Server wants to extract a PR title from a GitHub tab:

```
1. Server sends dom_command {tab_id: 42, command: "dom_extract",
   payload: {extractions: [{name: "title", selector: ".markdown-title", type: "text"}]},
   pattern_id: "github_pr", request_id: "abc"}
       ↓ WebSocket
2. offscreen.js receives JSON → chrome.runtime.sendMessage({source: "offscreen", data: ...})
       ↓
3. background.js sees dom_command → chrome.tabs.sendMessage(42, ...)
       ↓
4. content.js runs document.querySelector(".markdown-title").textContent.trim()
   → chrome.runtime.sendMessage({type: "dom_result", request_id: "abc", result: {title: "Fix bug"}})
       ↓
5. background.js sees dom_result from tab → sendToOffscreen(message)
       ↓
6. offscreen.js sends over WebSocket → server
```

## Why This Architecture

**Why offscreen document for WebSocket?** Chrome kills service workers after ~30s of inactivity. The offscreen document is the only Manifest V3 mechanism for persistent connections.

**Why not WebSocket in content scripts?** Content scripts run in the page's origin. A WebSocket from `github.com` to `workingagents.ai` would hit CORS. The offscreen document runs in the extension's origin.

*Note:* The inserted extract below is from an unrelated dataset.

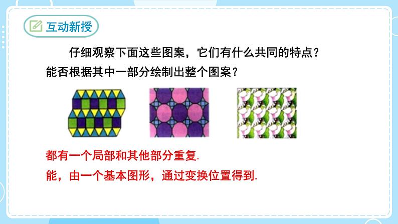 仔细观察下面这些图案,它们有什么共同的特点?能否根据其中一部分绘制出整个图案?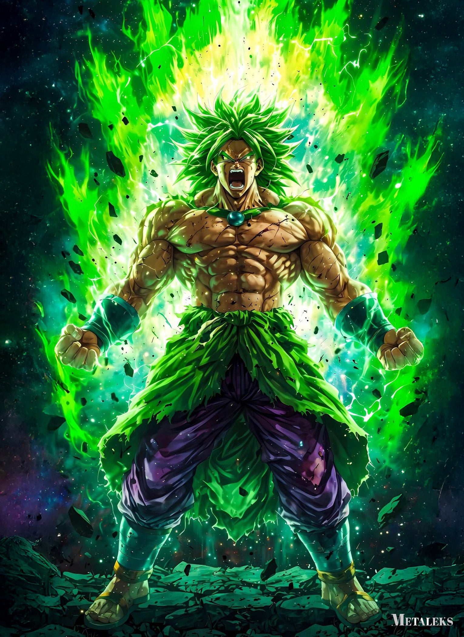 Broly from Dragon Ball is standing with a furious expression, engulfed in a vibrant green aura.

**Why route through background.js?** Only the service worker has `chrome.tabs.sendMessage(tabId)`. The offscreen document can only broadcast via `chrome.runtime.sendMessage`.

**Why fire-and-forget in content.js?** Using `sendResponse` keeps the message channel open. If the async DOM operation takes too long, Chrome auto-closes it and rejects the promise in background.js, causing a duplicate error result. Separate messages avoid this race.